Ласкер с головой окунулся в бурную шахматную жизнь Европы – выступал с бесчисленными лекциями и сеансами, он был готов принять любой вызов, только если за это были готовы хорошенько заплатить. При этом он держал нос по ветру, и никогда не шел на риск, если чувствовал, что вызов ему бросил по-настоящему сильный соперник. Так, он целый год «готовил» матч с Мароци, пока тот не потерял к нему всяческий интерес и мучил неопределенностью горячего Маршалла, который бросил ему вызов сразу после своей победы в 1904-м. А потом он повернул точно такой же трюк с Рубинштейном, который доказал, что достоин встречи с чемпионом мира, но… так и не удостоился ее. Зато Ласкер был крайне расположен ко встречам с более слабыми или уже выходившими в тираж соперниками. Он был готов хоть каждый лень играть матчи с Яновским, если за того платили его друзья-меценаты. Или с Таррашем, как только понял, что 47-летний «учитель Германии» не представляет для него сколько-нибудь серьезной угрозы.
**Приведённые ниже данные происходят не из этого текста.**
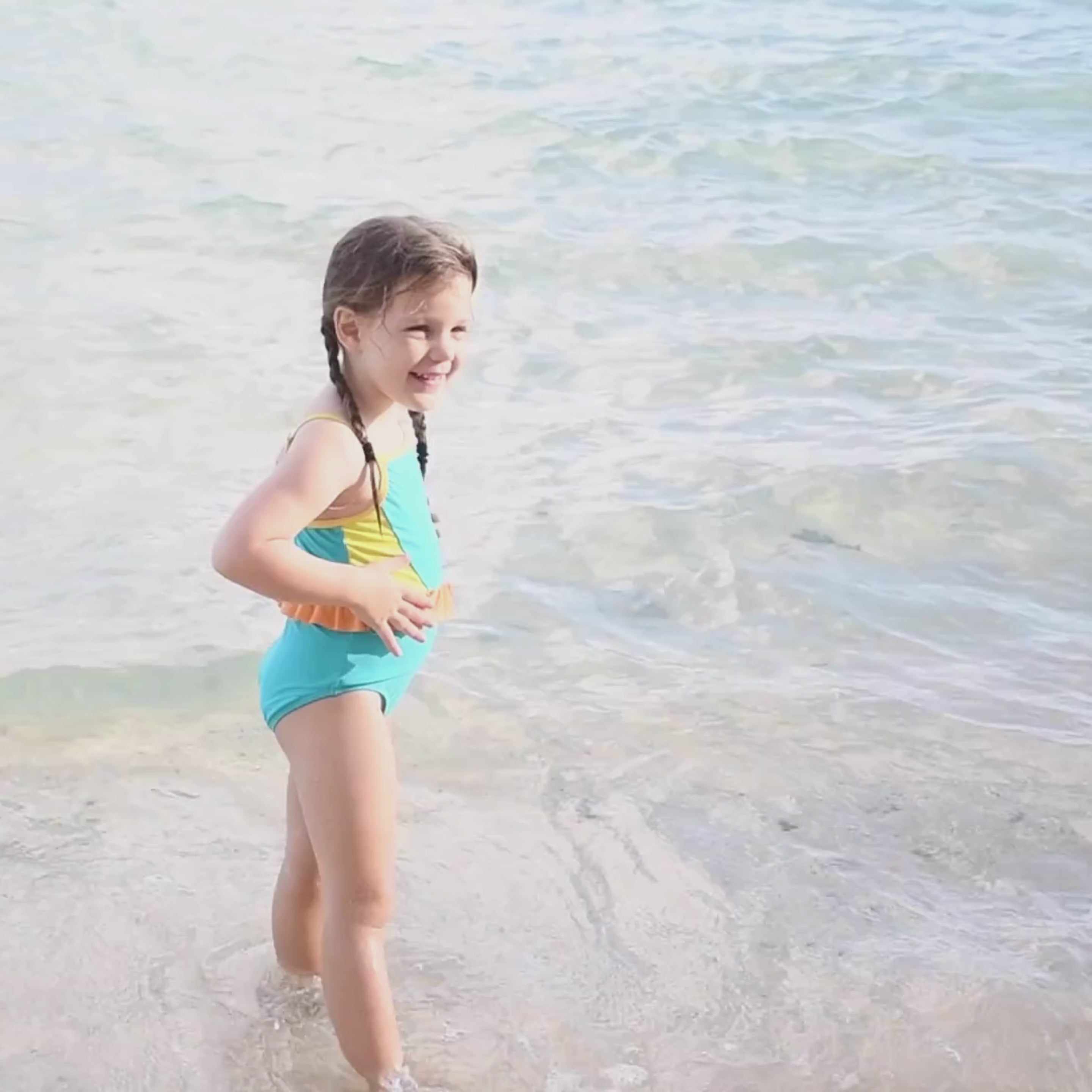 This one-piece swimsuit and long sleeve rash guard set is the perfect sun safe combo! Check out the cute color blocking and ruffle detail, and adorable coordinating rash guard. Swim jacket is great to toss on during those peak UV hours for extra sun protection.

Тонко чувствовавший психологию соперника не только за шахматной доской, Ласкер сумел так распалить старину Зигберта, что тот решил сыграть с «этим выскочкой» во что бы то ни стало. И когда за несколько дней до старта их поединка внезапно потребовал себе супер-гонорар… превышавший призовой фонд матча, который собирали всей Германией нескольких месяцев, он был точно уверен: Тарраш непременно достанет дополнительные деньги!

Претендент

Зигбет Тарраш был на шесть лет старше своего соперника, и знал его задолго до того, как Ласкер стал известным шахматистом, ведь его старший брат Бертольд был его лучшим другом! Он узнал о шахматах сравнительно поздно, учась в медицинском институте и... неожиданно для себя быстро выдвинувшись в число ведущих игроков Германии. Уже в 23 он вошел в число призеров шахматного Конгресса, а еще через три года с блеском став в нем первым. Его шахматная карьера могла бы развиваться куда стремительней, если бы Тарраш… был профессионалом. Но ему и в голову не приходило отказываться от своей врачебной практики, – и он играл только летом во время каникул.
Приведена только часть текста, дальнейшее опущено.